Gonzalo laughed. "If you get caught doing that, that doorman downstairs will be getting reports about vicious-looking hoodlums sneaking around."

"That doesn't worry me," said Rubin. "The doorman knows me." A look of coy modesty suddenly dripped over Rubin's face. "He's a fan of mine."

"I knew you had one somewhere," said Trumbull, but Henry pushed at the turkey on his plate and seemed more distressed than ever.

"Suppose your fan isn't on duty," said Gonzalo argu-mentatively. "You've got to have doormen around the clock and your fan has to sleep."

"They all know me," said Rubin. "And this one, the guy at the door now, Charlie Wiszonski, takes the four-to-twelve evening shift weekdays, which is the heavy shift. He's senior man... Look, let me clear the table."

Henry said, "Could you have someone else do that, Mr. Rubin? I want to continue questioning you and I want to get back to the carpenter. If sound carries through the walls and you hear him, don't many other people hear him, too?"

"I suppose so."

"But if he disturbs so many-"

"That's another irritating thing," said Rubin. "He doesn't... Thanks, Roger, just pile all the dishes in the sink. I'll take care of them afterward... This carpenter doesn't seem to bother anyone. During the day husbands are away and so are lots of the wives and the apartment house isn't rich in children. The wives that are home are doing housework. In the evening, everyone has the television set on. What does anyone care for an occasional banging? I care because I'm home night and day and I'm a writer. I care because I'm a creative person who has to do some thinking and needs a little quiet."

"Have you asked others about it?" said Henry. "Oh, occasionally, yes." He tapped his spoon restlessly against the cup. "I suppose your next question is to ask what they said."

"I should guess," said Henry, "from the look of frustration about you, that no one admitted ever hearing it."

"Well, you're wrong. One or two would say something about hearing it once or twice. The trouble is, no one cared. Even if they heard it, they didn't care. New Yorkers get so deadened to noise, you could blow them up and they wouldn't care."

"What do you suppose he's doing to make that noise, whoever he is?" asked Avalon.

Rubin said, "I say he's a carpenter. Maybe not professionally, but he works at it. I could swear he has a workshop up there. I can still swear it. Nothing else will explain it."

"What do you mean, you can still swear it?" asked

Henry.

"I consulted Charlie about it."

"The doorman?"

"What's the good of the doorman?" asked Gonzalo. Why didn't you go to the superintendent? Or the owner?"

"What good are they?" said Rubin impatiently. "All I know about the owner is the fact that he lets the air conditioning blow out every heat wave because he prefers to patch it with the finest grade of chewing gum. And to get the superintendent you have to pull in Washington. Besides, Charlie's a good guy and we get along. Hell, when

Jane had the run-in with the hoodlum, and me not there, Charlie was the one she called."

"Didn't she call the police?" asked Avalon.

"Sure she did. But first Charlie!"

Henry looked terribly unhappy. He said, "So you consulted the doorman about the banging.
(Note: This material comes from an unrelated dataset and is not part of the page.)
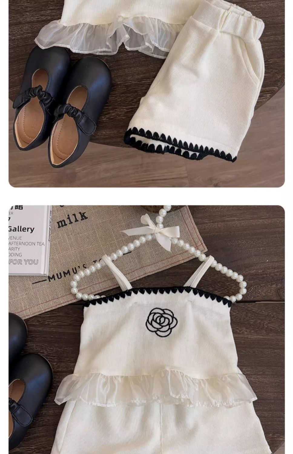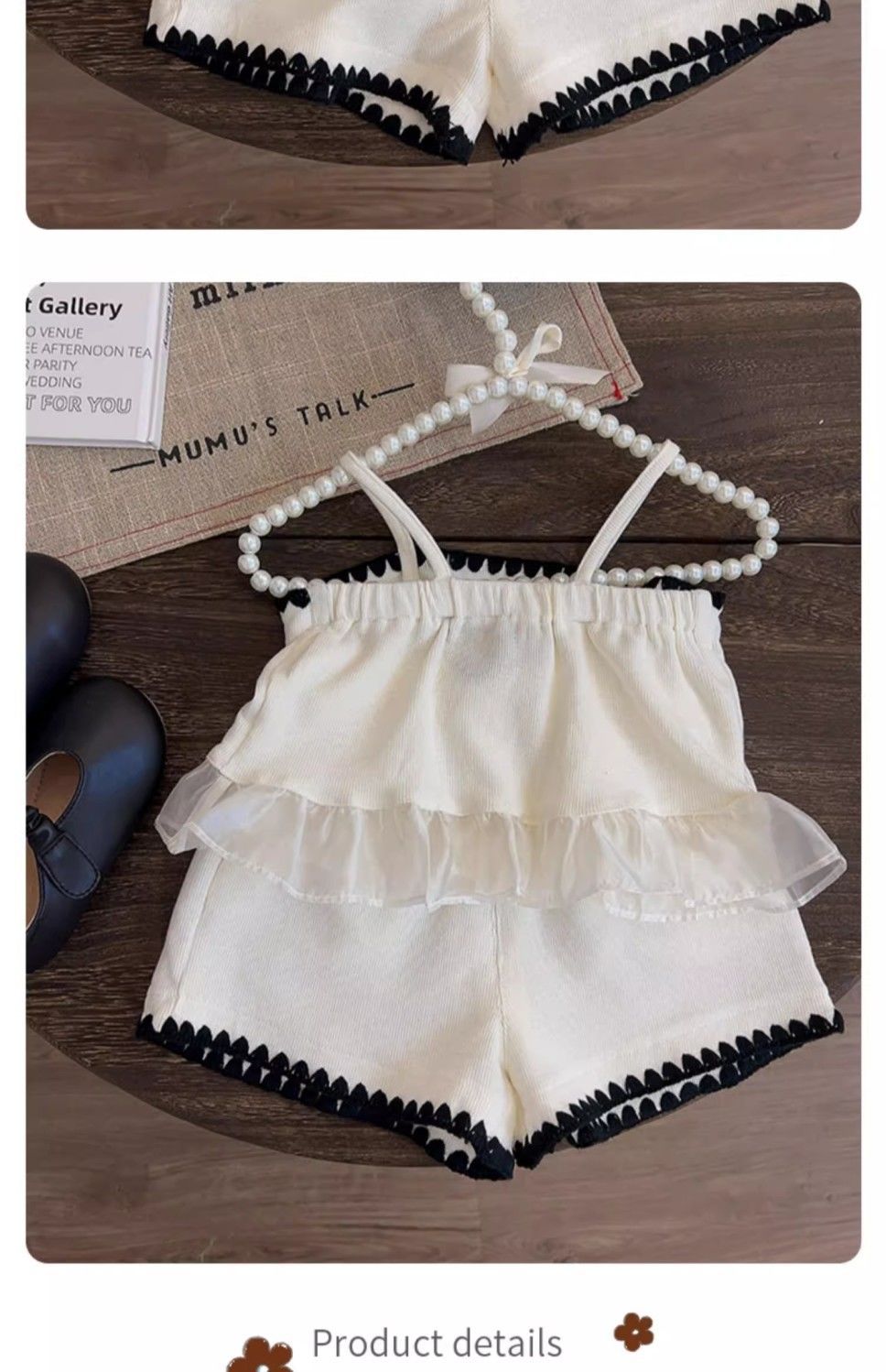 여아 서스펜더 슈트 여름 신작 아동 패션 아동 반바지 투피스 세트 아기 소녀 여름 옷

What did he say?"

"He said there were no complaints. It was the first he had heard of it. He said he would investigate. He did and he swore up and down that there were no carpenter's workshops anywhere in the building. He said he had men go into each apartment to check air conditioners-and that's one sure way of getting in anywhere."

"So then the doorman dropped the matter?"

Rubin nodded. "I suppose so. And that bugged me, too. It bothered me. I could see that Charlie didn't believe me. He didn't think there was any banging. I was the only one to mention it, he said."

"Doesn't Mrs. Rubin hear it?"

"Of course she does. But I have to call it to her attention. It doesn't bother her, either."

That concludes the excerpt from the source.